The EPL, in particular, use to play host to charismatic socialists like Brain Clough, a militant in the anti-fascist movement, supporter of the miners’ strike, and author of Jacobin-approved pronouncements like, “For me, socialism comes from the heart. I don’t see why certain sections of the community should have the franchise on champagne and big houses.”

What happened?  Blame neoliberalism, or more precisely capitalism’s natural tendency to sweep away the old “with their train of ancient and venerable prejudices and opinions.” More money flooded into the game, big TV contracts, and sponsorship deals and, most importantly, the league was internationalized in ways that would have been inconceivable to its founders.  Allegiance to a club became less rooted in community, less a birthright one couldn’t shake off, and more a display of brand preference.  Coke or Pepsi? Arsenal or United?

There’s been a backlash.  I’ll focus on Man. City, since they’ve been my brand of choice since the Claudio Reyna days.  After Sheikh Mansour’s Abu Dhabi Group bought the team from Thai populist Thaksin Shinawatra, they went on a spending spree that re-altered the entire international football transfer market.  There were critiques of the amount of money in the game and its effects on small clubs, not too different from the criticisms of the Yankees and calls for a baseball salary cap we hear here in the States, but there were other murmurs, as well.
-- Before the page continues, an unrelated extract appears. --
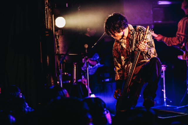 タイトルと呼応するように眩く白い幾筋もの光がステージに降り注いだ「Searchlights」では、視界が広がっていくようなスケール感と緻密さを合わせ持つサウンドと、KENのビタースイートなボーカルがフロアを心地よく揺らし、パンキッシュな攻撃性とサビのキャッチーなメロディのギャップが魅力の「Under My Skin」では、ハンドクラップが巻き起こる中、KENがペットボトルの水を巻き散らし、フロアにマイクを向ける。ワン・アンド・オンリーなバンドであるOBLIVION DUSTの魅力の一つはその二面性(もっと多面的かもしれないが)にある。ポップでありオルタナティブ、センシティブでありダイナミック。相反する要素が交錯する曲が目の前で放たれるカタルシスは何者にも代えがたく、紳士と野獣が入れ替わる瞬間を見るような色気も兼ね備えている。アグレッシブなパフォーマンスで魅了しながら、シャツのボタンとネクタイを最後まで緩めないストイックなKEN のMCも初めて見る人はそのギャップに驚く可能性大。この日も「今日、本番直前までずーっと謎なことがあったので聞きたいんですけど、PALOOZAってどういう意味ですか?」と会場の名前の意味を問いかけ、「KENさーん!」と絶叫する男性ファンに「初めて“さん”って呼ばれたかもしれない。柏の人、素敵だね」と笑顔を見せる。かと思うとK.A.Zに「“Traces”のサビでキュイーンっていうギターが入るのいいね。90年代のグランジみたいで」と話しかけ、照れさせたりと、チャーミングで自由すぎるノリで沸かせていた。
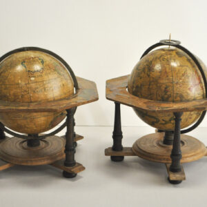 Asta scadutaH. ca. 30 cm ciascuno, base in legno, anelli meridiani di ottone, in parte fissaggi mancanti, diverse piccole mancanze dai globi, grandi mancanze dagli anelli dellsorizzonte

Many commentators warned of a takeover of “English” football by foreigners.  Others responded to City’s manager Mark Hughes’ replacement by Italian Roberto Mancini in similar terms.  (Worse of all are the dubious comparisons between effeminate “European” flopping and the honorable, gentlemanly form of British soccer.)
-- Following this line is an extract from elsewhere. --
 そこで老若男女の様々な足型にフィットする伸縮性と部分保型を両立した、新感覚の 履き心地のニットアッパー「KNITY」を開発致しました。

English cries of “imperialism” should rightly be mocked, but something more significant is at play.  How should the Left relate to community and criticisms of neoliberalism rooted in parochial discourses?  There seems to be two stances on offer from radicals: embrace the general spirit of such talk, though not its bigoted language, by positioning ourselves as breaks on a destructive (yet undeniably dynamic) global capitalism.  Like William F. Buckley, “[Standing] athwart history, yelling Stop, at a time when no one is inclined to do so . . .”
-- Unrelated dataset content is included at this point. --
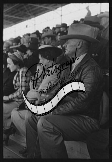 Title: Spectators at a tense moment during the rodeo at the San Angelo Fat Stock Show, San Angelo, Texas

This is in stark contrast to a more orthodox Marxist perspective that sees increased economic concentration, the agony of the petit-bourgeoisie, the internationalization of capital and the division of labor, and the erosion of traditional social and cultural bonds, as historically progressive.  Isn’t demystifying the national heritage of an advanced capitalist country, even if it means setbacks for left-nationalists in the short-term, a historically progressive act?

The goal is clear — a confident, transnational movement ready to offer humanity a more democratic form of modernity.  Of course, this simple pronouncement skirts over the question of collective agency in this new climate and how left politics in the core can reconstruct itself after neoliberalism. I’m afraid, it leaves more questions than answers.